Sant Kabir Das Literature

  • Literature: Kabir Das’ writings had a great influence on the Bhakti movement and includes titles like Kabir Granthawali, Anurag Sagar, Bijak, and Sakhi Granth.
    • His verses are found in Sikhism’s scripture Guru Granth Sahib.
    • The major part of his work was collected by the fifth Sikh guru, Guru Arjan Dev.
    • He was best known for his two-line couplets, known as ‘Kabir Ke Dohe’.
  • His great writing, Bijak, has a huge collection of poems. 
  • The writings of Kabir Das were mainly based on the concept of reincarnation and karma.
  • After being an illiterate he had written his poems in Hindi mixing with Avadhi, Braj, and Bhojpuri. The poems are called variously as ‘Dohe’, ‘Saloka’ and ‘Sakhi.
  • Sant Kabir Das was best known for his two-line couplets, referred to as ‘Kabir Ke Dohe‘.


  • During the last moments of his life, Sant Kabir Das had gone to the city of Maghar (Uttar Pradesh). 
  • After his death, there arose a conflict between Hindus who wanted to cremate his body and Muslims who wanted to bury it.
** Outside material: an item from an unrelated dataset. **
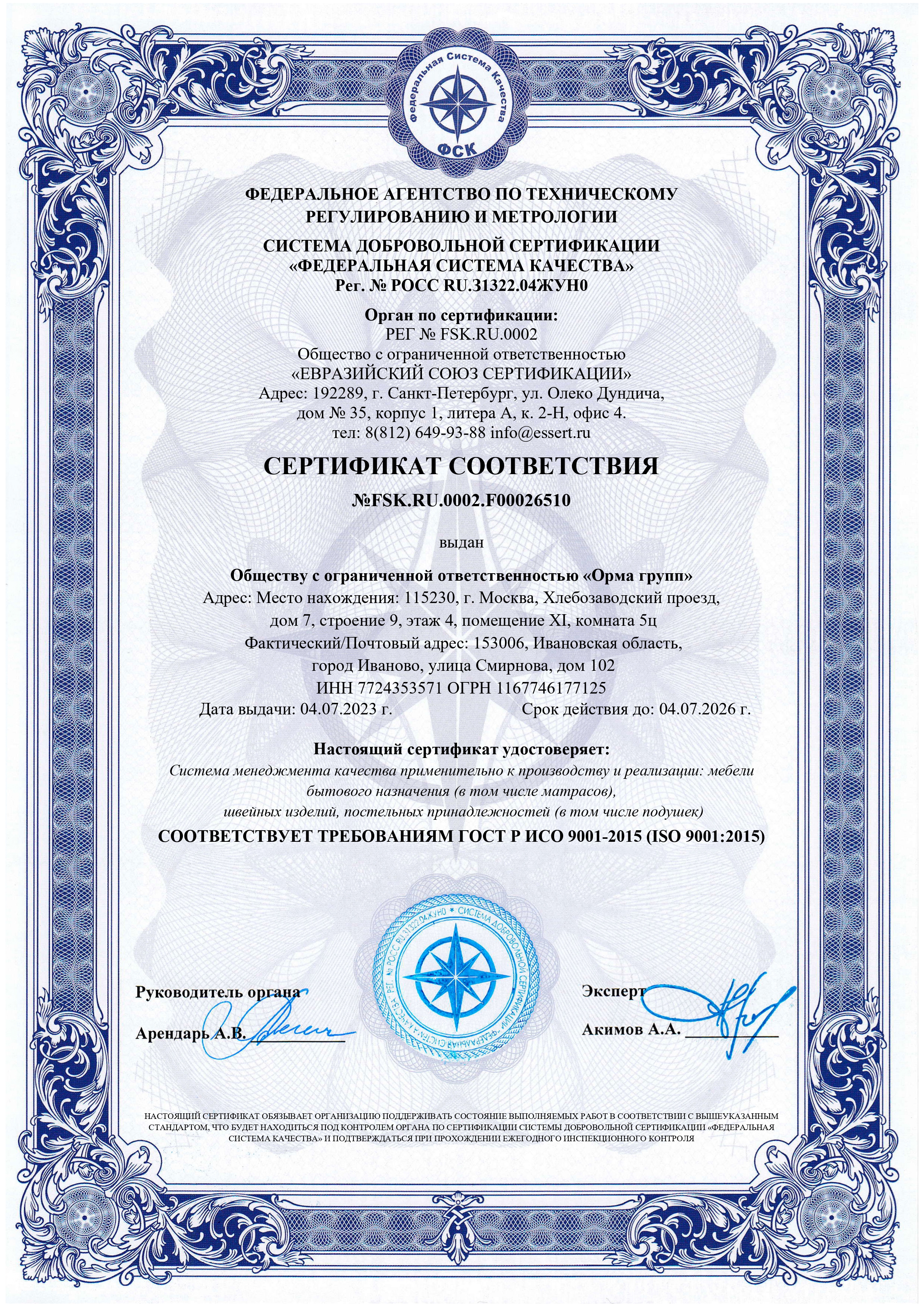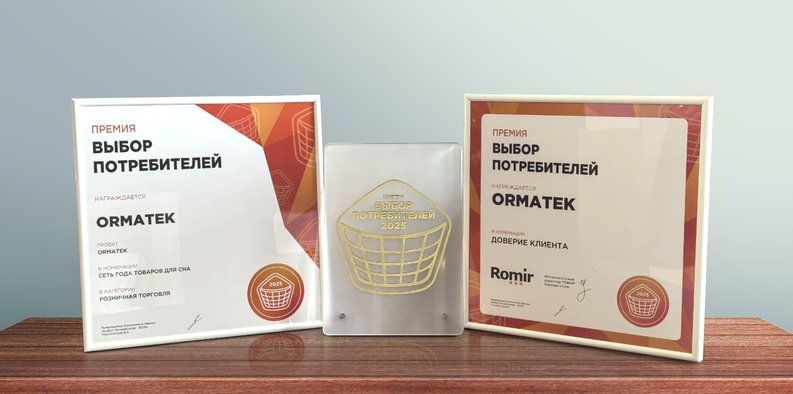 12 ноября 2025 года компания ORMATEK стала лауреатом престижной премии «Выбор потребителей» в номинациях «доверие клиента» и «сеть года товаров для сна» в категории «розничная торговля»!

In a moment of miracle, flowers appeared beneath his shroud, half of which were cremated at Kashi and half buried at Maghar. 
  • Certainly, Sant Kabir Das died in Maghar where his grave is located.


  • He questioned what he regarded to be the meaningless and unethical practices of all religions, primarily what he considered to be the wrong practices in the Hindu and Muslim religions. 
  • During his lifetime, he was threatened by both Hindus and Muslims for his views. When he died, several Hindus and the Muslims he had inspired claimed him as theirs.


  • Kabir literature legacy was promoted by two of his disciples, Bhāgodās and Dharamdas. Songs of Kabir were collected by Kshitimohan Sen from mendicants across India, these were then translated to English by Rabindranath Tagore.
  • There are two temples dedicated to Kabir located in Benares. One of them is maintained by Hindus, while the other by Muslims. Both the temples practise similar forms of worship where his songs are sung daily. Other rituals of aarti and distributing prasad are similar to other Hindu temples. The followers of Kabir are vegetarians and abstain from alcohol

Kabir Panth

  • Kabir panth, Path of Kabir, is a philosophy based on the teachings sant Kabir It is considered a spiritual philosophy not a separate religion.
  • The followers of Kabir Panth, known as Kabir Panthis, consider him a guru who guides them towards salvation. They also recognise the works of Sant Kabir.

Nirguna Tradition

  • It refers to the Bhakti concept of worshiping a formless god, who is without trait or attributes
  • It is a form of aniconic worship where Nirgun songs are associated with this tradition

Bhakti movement

  • The Bhakti movement, began in the 7th century in South India, and popularized through the poems of the Alvars and Nayanars, the Vaishnavite and Shaivite poets.
  • It started to spread in North India during 14th and the 15th centuries and was characterized by popular poet-saints Ramananda, Kabirdas etc. who sang devotional songs to God in vernacular languages.
  • It refers to an intense love, devotion and surrender to god which could help in attaining salvation.
  • Many of the saints of the Bhakti movement came from the ranks of the lower to middle artisanal classes such as Kabir (Julaha caste), Raidas (leather worker), Dadu (cotton carder) etc.